Castillo v. Bank of America – filed Nov. 18, 2020
The question of whether an employer’s policies for calculating overtime wages using total hours worked in the divisor were lawful under California law presents a purely legal question that is clearly capable of class wide resolution; the lead plaintiff submitted evidence showing typicality among her claims and the claims of other class members by demonstrating she was subject to the same allegedly unlawful policies; the plaintiff did not establish the predominance of a common issue where some putative class members were not exposed to the policies, some were paid adequately under the policies, and some were overpaid.
People v. Superior Court (Cal Cartage Transportation Express) – filed Nov. 19, 2020
The Federal Aviation Administration Authorization Act does not preempt application of California’s ABC test, as codified by AB 2257, to determine whether a federally licensed interstate motor carrier has correctly classified its truck drivers as independent contractors.

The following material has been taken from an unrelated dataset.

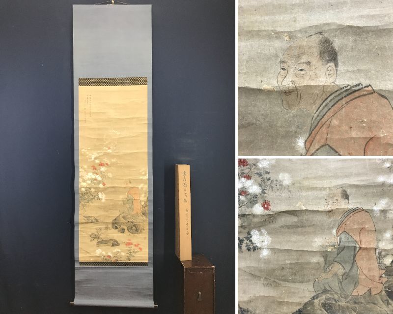 真作/森寛斎/菊翁図/人物図//掛軸☆宝船☆AC-565

Rojas-Cifuentes v. Superior Court (American Modular Systems) – filed Dec. 21, 2020
An employee’s notice to the Labor and Workforce Development Agency provided the minimum facts and theories necessary to support a Private Attorneys General Act claim where the employee alleged that his employer provided inaccurate wage statements to a particular class of employees; although the notice did not specify when the alleged Labor Code violations began, that is not reason enough to find the notice wholly inadequate; a PAGA claim can be regarded as multiple causes of action for purposes of summary adjudication.